What does this have to do with design? Well, here are the questions: How do I use my time, talents, and business to affect change in my world? And how do I make a living at the same time?
You see, many people in our town, and in the greater world, don’t hold to the same ideals that I do, and that my family does, and that many artists appear to. This creates a moral conundrum: when a development company, or golf course, or investment property approaches you to do design work, you want to take the job because it could potentially be a great source of income. But if you are interested in sustainable development, reasonable growth, ensuring low-income housing in your area, or maintaining the character of your town (such as it is) then you sometimes you have to make choices about what your conscience can deal with as far as accepting work and payment.
I realize it is a generalization, but often development projects or companies have a rather different set of goals than sustainable development (unless you sustainable income development).
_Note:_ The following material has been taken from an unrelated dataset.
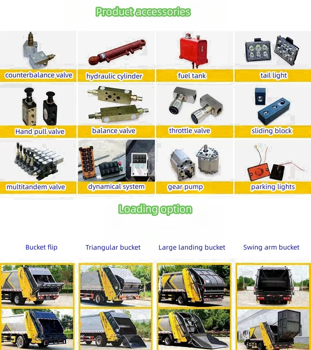 Dual insurance system: The operating system has dual functions of computer control and manual operation, greatly ensuring and improving the utilization rate of vehicles. Change the position of the pressure regulating valve to prevent customers from adjusting the pressure without authorization. Install warning signs on the power take-off to remind customers to switch on and off the power take-off to prevent damage to the power take-off. The tail can be optionally equipped with a flip mechanism with a garbage bin (or bucket)
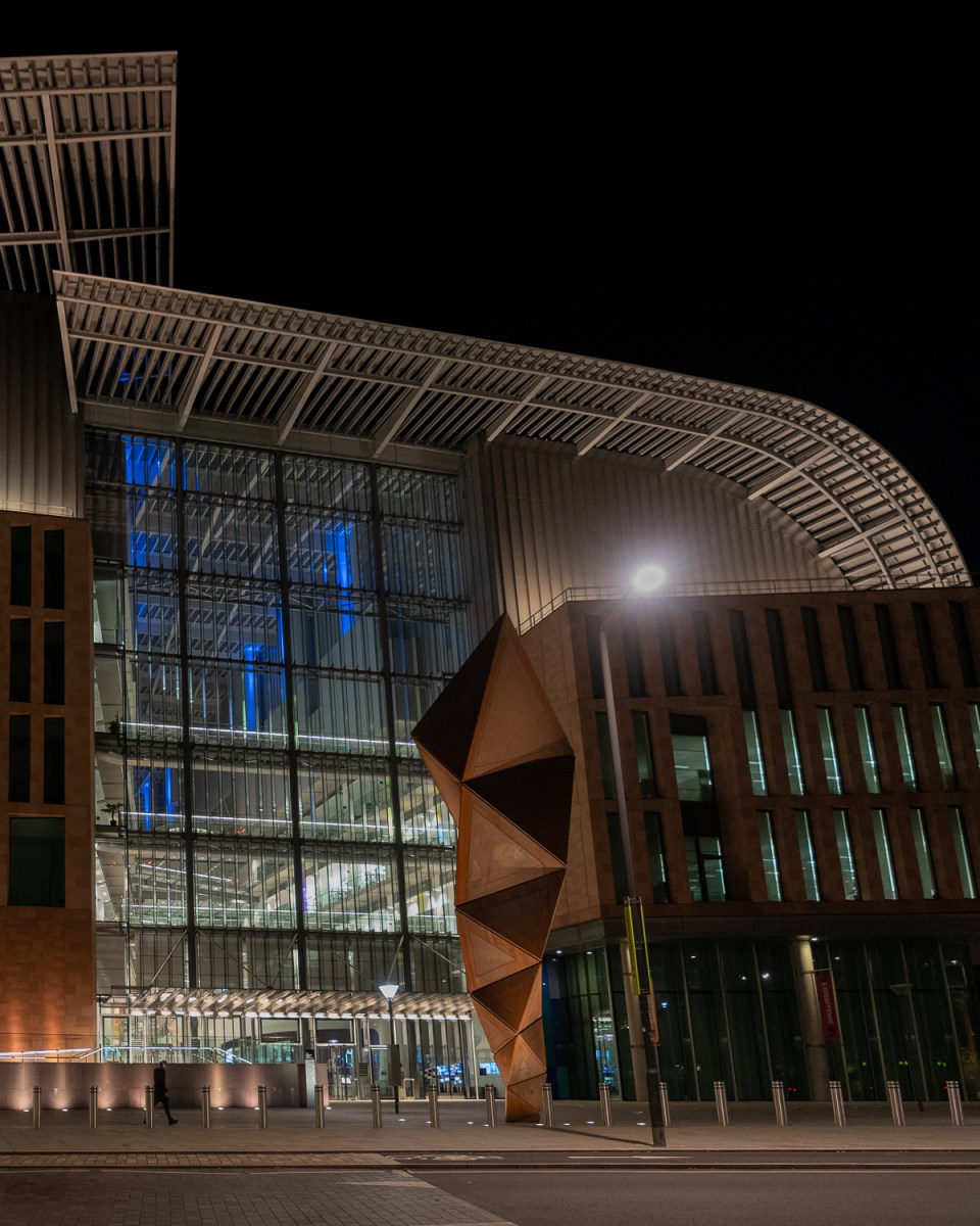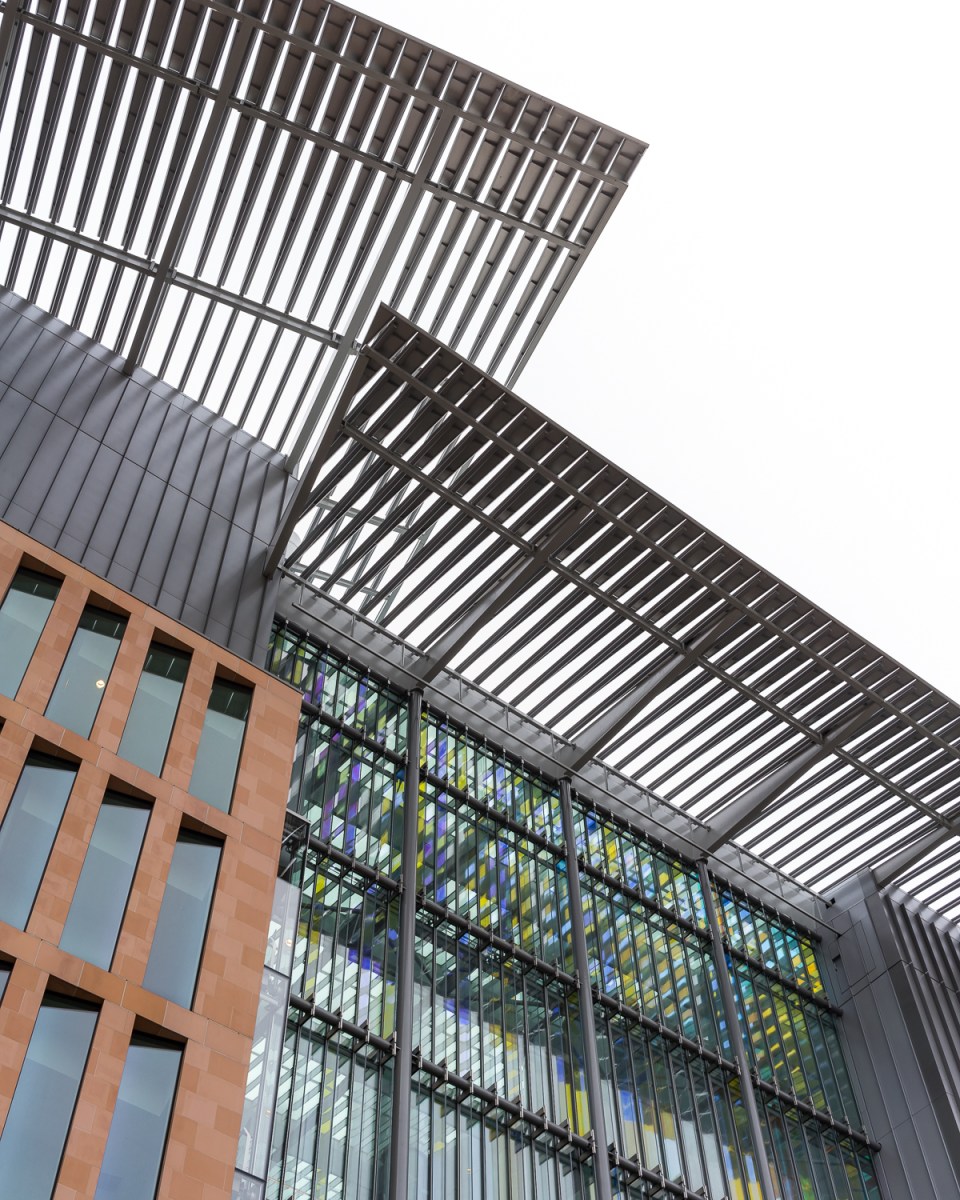 The Striking building over the road from St Pancras International Station, is the Francis Crick Institute. It was designed by architects HOK with PLP Architecture and was inspired in part by the vaulted walls of the station opposite. The curved, interlaced roofs make it recognisable from afar, but they also serve a practical purpose, with heating and cooling units hidden below and solar panels incorporated in the roof.

The bottom line is that the reason these developments exist is for investors to reap financial rewards from a property that was divided, developed, and resold. There are examples of companies that want to proceed in a way that creates minimal environmental impact, preserves community values, and ensures quality ownership, but those companies are definitely in the minority.
So as a design firm, we have done work for several developments in the area, and have also submitted a few ‘voter response forms’ committing ourselves to being part of a democratic process that involves slowing down the kind of work that could provide us with a good income. I have yet to find a justifiable compromise for doing both. It’s not that I’m opposed to development, not at all. I guess I just want the developments that happen to be well thought, purposeful, and necessary.
Currently, in our community, we have two large developments in progress: Wildstone & Shadow Mountain Properties. Both of these developments involved the expansion of our city boundaries. In some cases that has committed the city to run services almost 10kms to an area of development. These two developments alone increase the surface area of Cranbrook by more than 30% and add 3550 potential residences to the 6000 or so already existing. In addition to that we have done work for other smaller developments in Grey Creek, Koocanusa area, and Cranbrook, all of whom have goals to be profitable, and why not? My question is this: How will that affect us as citizens? How will that affect our business? I am torn.
So when the East Hill boundary expansion came up, I decided to let my voice stand in the methodical camp. I am yet unsure how it will affect my relationships with some of the developments we’ve worked for. My hope is that our relationship has been built on mutual trust, and that we have mutual lessons to learn, and I hope we all keep working together to make our little community a better place to live.
As an artist I have to trust my intuition on a daily basis, and that is the best way I can think of for guiding these decisions. I don’t think I am in a place I can judge the morality of one development, or one way of growth above another. All I have to say is this: Whatever we do, let’s be thoughtful and purposeful about it.